Singkatnya, dia sedikit berlebihan, tetapi ucapkan dengan suara Charles Nelson Reilly, atau mungkin suara Rip Taylor, dan Anda akan lebih dekat dengan nuansa memoar-cum-manifesto ini untuk perubahan yang ingin dia lihat di dunia, yaitu bahwa pornografi, erotika, dan budaya arus utama harus masuk ke dalam kelompok dan memberi kita semua sedikit lebih banyak kejujuran seksual dalam budaya yang kita konsumsi. Lebih khusus lagi, dia pikir kita harus melihat lebih banyak D di luar sana, dan tidak semuanya harus muda dan cantik.

"Sial Malu," oleh David Pevsner, Random House Canada, 368 halaman, $24,95

Pevsner, 62 tahun hingga akhir bulan ini, berbicara kepada saya dari rumahnya di Los Feliz, pinggiran kota LA, dan meskipun percakapannya ringan dan menghibur seperti bukunya — yang disebutnya “Sial Shame” — mulai dari “ West Side Story” hingga Hanya Fans hingga “Crazy Rich Asians” hingga “The Next Step” (dia penggemar berat), subjeknya serius. Rasa malu telah memutarbalikkan ide-ide benua ini tentang seksualitas dan kepatutan setidaknya sejak Hays Code, dan itu merupakan pengaruh tunggal terbesar dalam perjalanan hidup Pevsner sendiri.

Dia mengatasi beberapa tahap rasa malu tubuh, rasa malu gay dan rasa malu pekerjaan seks. Dia telah berjuang melawan pendapat teman, keluarga, dan budaya yang lebih luas dari jenis pekerjaan seks-forward yang dia lakukan di atas panggung — dalam pertunjukan dengan judul seperti “Naked Boys Singing!” — dan untuk fotografer erotis seperti Tom Bianchi adalah shlock, konyol, tidak senonoh atau ketiganya. Dan sekarang dia menghadapi jenis usia yang mempermalukan yang sangat spesifik, termasuk miliknya sendiri.

Dalam buku itu, dia menceritakan kisah pemotretan telanjang yang dia lakukan sekitar 10 tahun yang lalu, ketika dia berusia 50-an, dan betapa kesalnya dia ketika dia melihat satu foto candid dirinya sedang berbaring di antara pemotretan, dengan perutnya yang terlihat buncit. naik dan lembek.

“Saya seperti, ‘Tidak, tidak, tidak! Saya tidak ingin ada yang melihat itu!’” katanya kepada saya. “Saya telah menempuh perjalanan jauh sejak saat itu, karena saya menyadari bahwa saya tidak hanya harus berjuang untuk kemampuan mengekspresikan diri dengan cara ini, saya harus berjuang untuk kemampuan siapa pun untuk mengekspresikan cara ini.” Termasuk orang-orang dengan perut yang kurang ideal, dan orang-orang yang empat dekade atau lebih dari median yang disetujui TikTok.

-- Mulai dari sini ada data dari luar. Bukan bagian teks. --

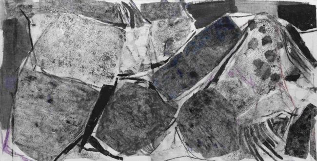 布面丙烯、油彩、宣纸拓印及拼贴等
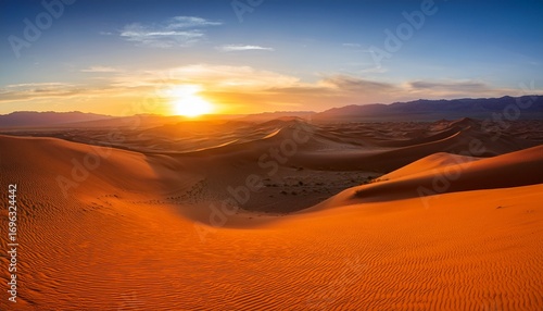 sunrise over a desert landscape of orange sand dunes
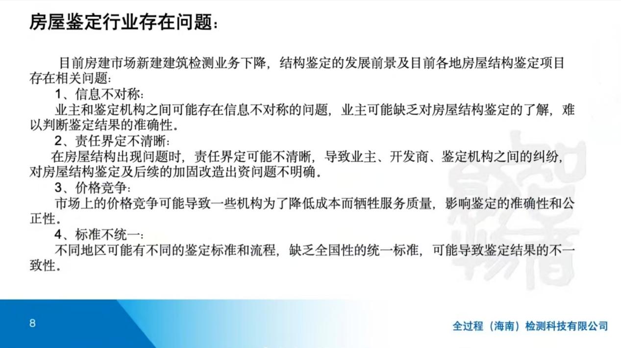 接着,萧雄老师剖析了房屋鉴定行业存在的问题,包括信息不对称、责任界定不清晰、价格竞争、标准不统一等,并详细阐述了从事房屋安全鉴定应具备的资质条件,如专业技术人员、资质认证、技术标准和规程等。

David Pevsner, penulis "Sial Malu," Rumah Acak Kanada

Dan itu berhasil; langkah menuju kepositifan tubuh secara umum yang telah berjalan melalui Gen Z tampaknya telah berhasil mencapai set silverback. Dia punya akun di Only Fans, platform pilihan bagi pekerja seks TikTok untuk menyangga barang apa pun yang tidak diizinkan di platform yang mengharuskan penggunanya mengeja “seggs” seks atau berisiko dilarang. Di tengah lautan perut yang tidak berbulu dan wajah yang kaya kolagen, Pevsner mengatakan bahwa dia membuat sebagian besar pendapatannya menjadi jejak bagi mantan pria kembar di masa depan.

Dan sejak dia mulai, dia memperhatikan ekologi perubahan erotosfer berbasis pria yang selalu terobsesi dengan pemuda, dengan situs-situs seperti Older4You menghosting video erotis eksklusif pria berusia 60-an dan 70-an.

“Saya pikir beberapa tahun yang lalu, saya akan seperti, ‘Jangan mendorong saya sejauh itu. Saya sudah tua tapi saya tidak setua itu,’ tapi sekarang saya berkata, ‘Oh, bagus sekali.’ Saya suka orang-orang merasa bahwa mereka dapat melakukan ini, bahwa ada jalan keluar untuk itu.”

Jadi sekarang dia bisa menambahkan klip porno warga senior ke hasil artistiknya yang panjang dan beragam.

“Saya selalu memiliki keinginan untuk mengekspresikan diri saya dengan cara ini,” katanya. “Saya membawanya ke satu tingkat dengan foto-foto itu, tetapi sekarang saya telah mengambilnya lebih jauh. Saya tidak menyesali satu momen pun. ”

Bert Archer adalah seorang penulis di Toronto yang sesekali bisa menghibur di Instagram @world.of.bert.

BERGABUNG DALAM PERCAKAPAN

Percakapan adalah pendapat pembaca kami dan tunduk pada Kode etik. The Star tidak mendukung pendapat ini.